Dumka is a community development block that forms an administrative division in the Dumka Sadar subdivision of the Dumka district, Jharkhand state, India.

==Geography==
Dumka, the eponymous CD block headquarters, is located at .

Dumka district is a plateau region. It is divided into four micro subregions. The Dumka-Godda Uplands covers Saraiyahat, Jarmundi, Jama, Ranishwar, Shikaripara and parts of Ramgarh, Dumka and Masalia CD blocks. Scattered hillocks with forests are spread over the region with elevation above mean sea level varying from 274 to 753 m. The Deoghar Uplands covers only parts of Masalia CD block. The area has large number of hillocks covered with forests. The Rajmahal Hills, spread over the north-eastern part of the district, covers Ramgarh, Dumka, Kathikund and Gopikandar CD blocks. The Pakur Uplands, in the eastern part of the district, with a height of 31 m above mean sea level, covers parts of Gopikandar and Kathikund CD blocks. The two blocks, named last, also fall under the Damin-i-koh region of Santhal Parganas.

Dumka CD block is bounded by Ramgarh CD block on the north, Kathikund and Shikaripara CD blocks on the east, Ranishwar and Masalia CD blocks on the south, and Jama CD block on the west.

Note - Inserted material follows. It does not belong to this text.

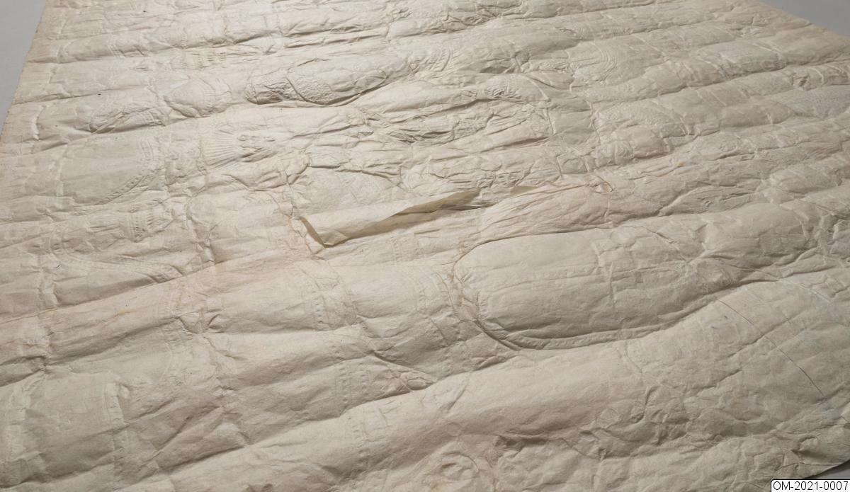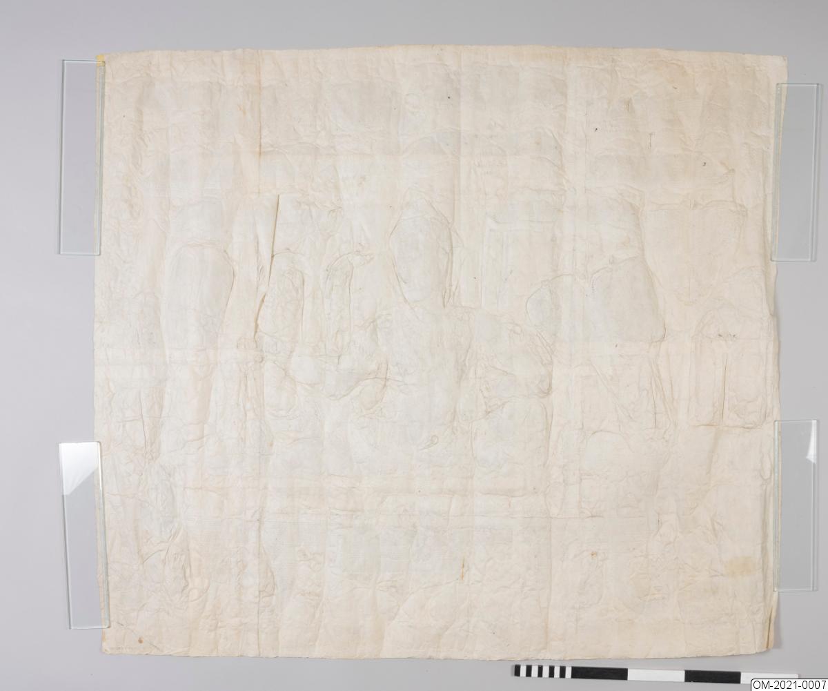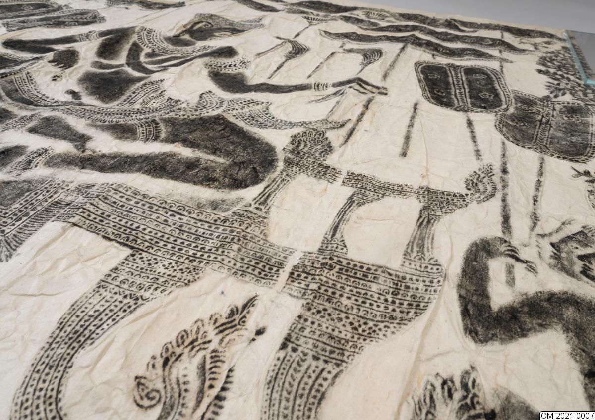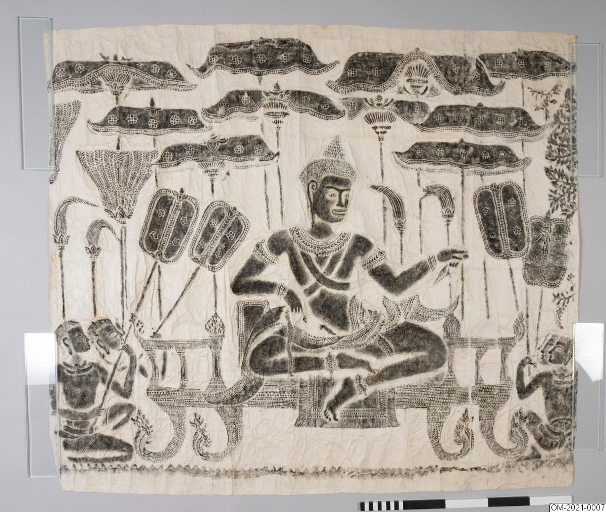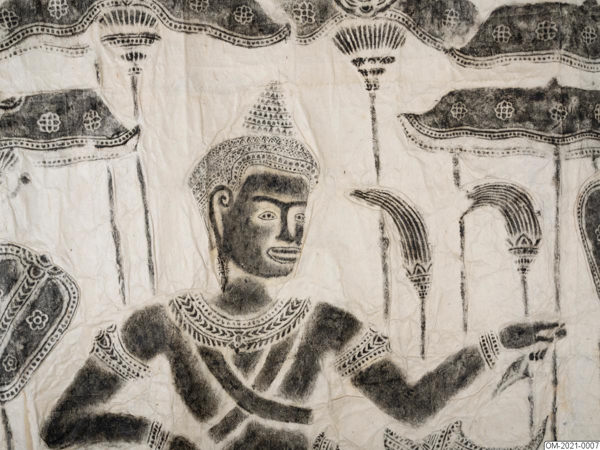 Rubbing from Angkor Wat The rubbing dates to the 1960s. The motif here is King Suryavarman II (ca. 1095 - ca. 1150, regent 1113 - ca. 1150) who sits on a throne on Mount Sivapada (Siva's footprint) to receive the troops' tribute. The king's high position is shown, among other things, by the royal headdress, the throne and the many parasols, fans and fly whisks that surround him and by the fact that he is made larger than the surrounding people. The motif forms the beginning of what has been called "The Historical Procession". The original of the "Historical Procession" is a sandstone relief in the temple of Angkor Wat located in the western part of the southern outer gallery. The total length of the relief panel is almost 100 m. The motif of King Suryavarman II on Mount Sivapada is seen at the start of the procession and he is depicted again in the centre of the procession where each previous and subsequent unit is led by a high representative of provinces in the kingdom. The relief probably dates to the middle of the 12th century some time after the king's death. An inscription with descriptive text runs under the relief. Angkor Wat is the mausoleum of King Suryavarman II and the king initiated the construction during his reign in the first half of the 12th century. The temple was dedicated to the god Vishnu, a deity the king was considered to be a manifestation of and to have joined with at his death and was therefore also a temple for the worship of the king. In the inscription, the king is named Paramavisnuloka (He who reached the kingdom of the Supreme Vishnu). The rubbing corresponds with photographic depictions of the relief in Angkor Wat, with King Suryavarman II in this scene, but some details below and behind the throne are missing in the rubbing.

Dumka CD block has an area of 375.45 km^{2}. Dumka Mufassil police station serves this block. Headquarters of this CD block is at Dumka.

==Demographics==
===Population===
As per the 2011 Census of India Dumka CD block had a total population of 163,201, of which 137,730 were rural and 25,471 were urban. There were 82,585 (51%) males and 80,616 (49%) females. Population below 6 years was 25,197. Scheduled Castes numbered 10,986 (6.73%) and Scheduled Tribes numbered 69,912 (42.84%).

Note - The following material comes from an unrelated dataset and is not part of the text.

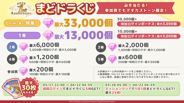 1st Anniversary まどドラくじ開催中!特等でマギカストーン最大33,000個当たる!
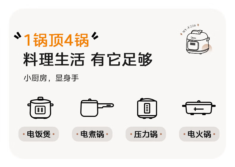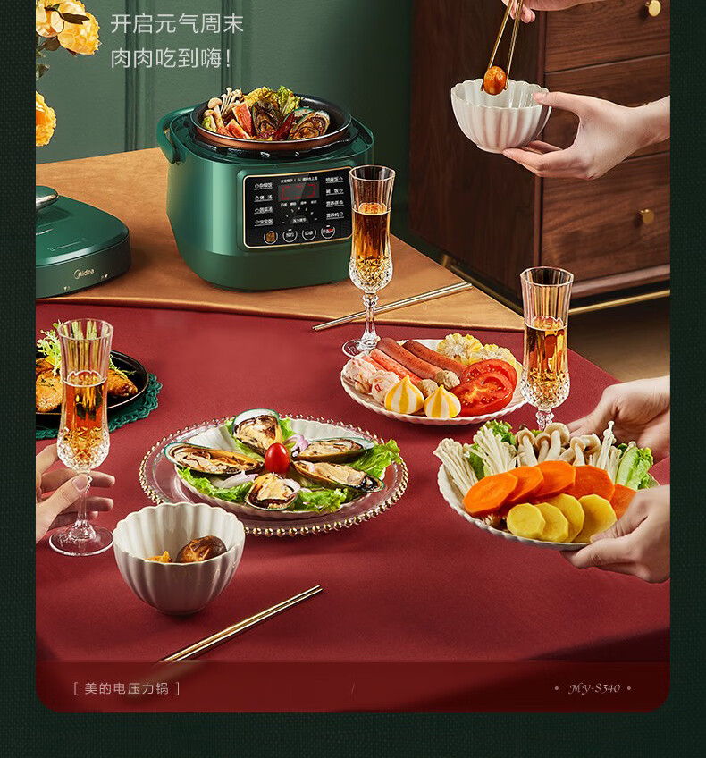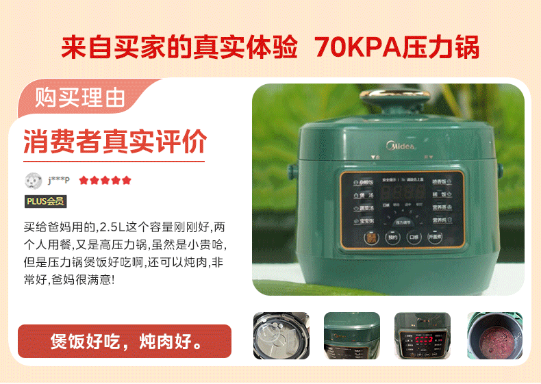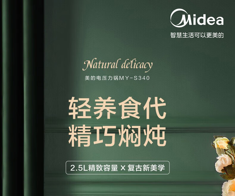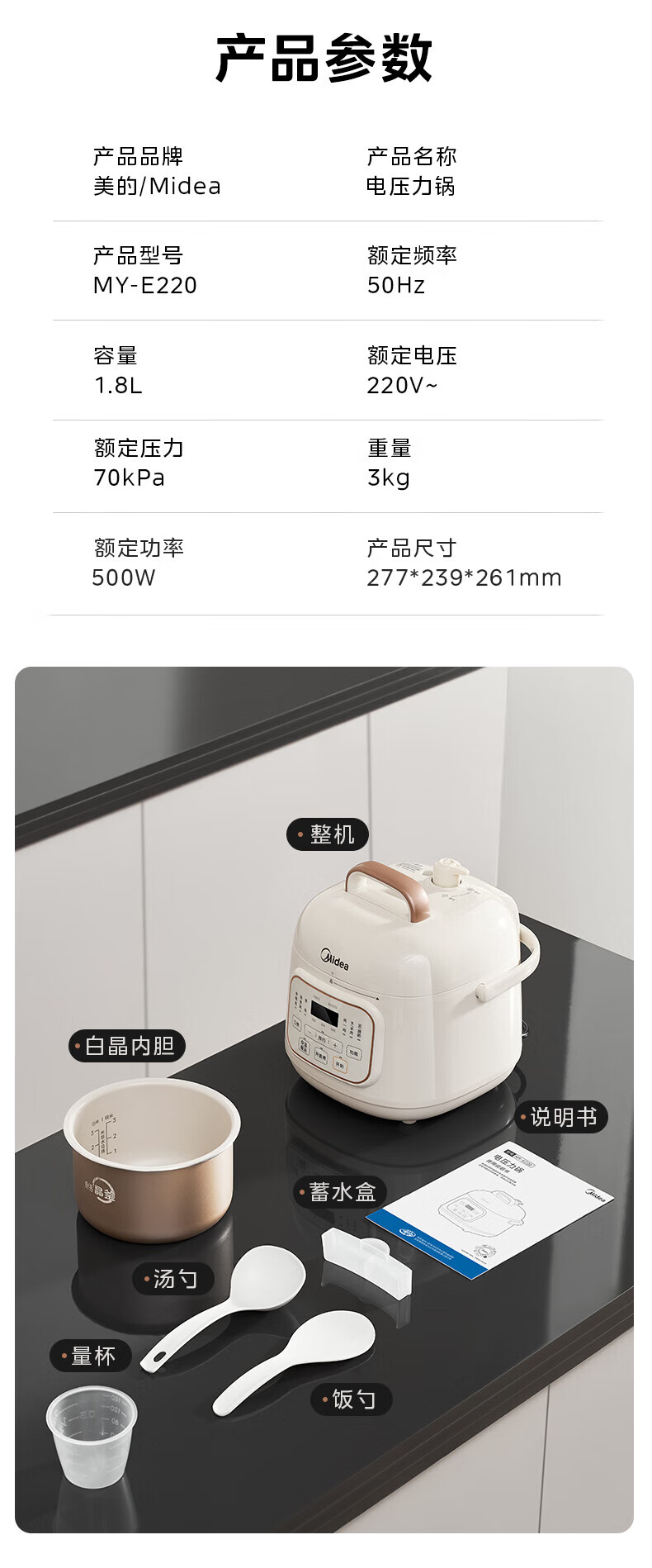 美的(Midea)电压力锅小型电高压锅小容量2.5L开学宿舍留学压力锅电饭煲智能多功能迷你家用高压1-2-3人小绿锅 【高压快煮】智能预约煮火锅 2.5L

Dumka CD block has three census towns (2011 population figure in brackets): Rasikpur (8,320), Dudhani (7,117) and Purana Dumka (10,034).

===Literacy===
As per 2011 census the total number of literates in Dumka CD block was 96,719 (70.08% of the population over 6 years) out of which 55,839 (58%) were males and 40,880 (42%) were females. The gender disparity (the difference between female and male literacy rates) was 16%.

See also – List of Jharkhand districts ranked by literacy rate

| Literacy in CD Blocks of Dumka district |
|---|
| Saraiyahat – 58.64% |
| Jarmundi – 58.06% |
| Kathikund - 54.09% |
| Ramgarh – 55.45% |
| Gopikandar – 50.12% |
| Shikaripara – 57.10% |
| Ranishwar – 60.06% |
| Dumka – 70.08% |
| Jama – 61.88% |
| Masalia – 61.66% |
| Source: 2011 Census: CD Block Wise Primary Census Abstract Data |

===Language and religion===

At the time of the 2011 census, 31.80% of the population spoke Santali, 20.50% Hindi, 19.89% Khortha, 11.54% Bengali, 5.86% Urdu, 3.07% Bhojpuri and 2.03% Malto as their first language. 3.12% of the population spoke 'Others' under Hindi.

==Rural poverty==
60-70% of the population of Dumka district were in the BPL category in 2004–2005, being in the same category as Ranchi and Jamtara districts. Rural poverty in Jharkhand declined from 66% in 1993–94 to 46% in 2004–05. In 2011, it has come down to 39.1%.

==Economy==
===Livelihood===

In Dumka CD block in 2011, amongst the class of total workers, cultivators numbered 13,672 and formed 22.57%, agricultural labourers numbered 28,949 and formed 47.79%, household industry workers numbered 2,648 and formed 4.37% and other workers numbered 15,312 and formed 25.28%. Total workers numbered 81,791 and formed 38.80% of the total population. Non-workers numbered 128,994 and formed 61.20% of total population.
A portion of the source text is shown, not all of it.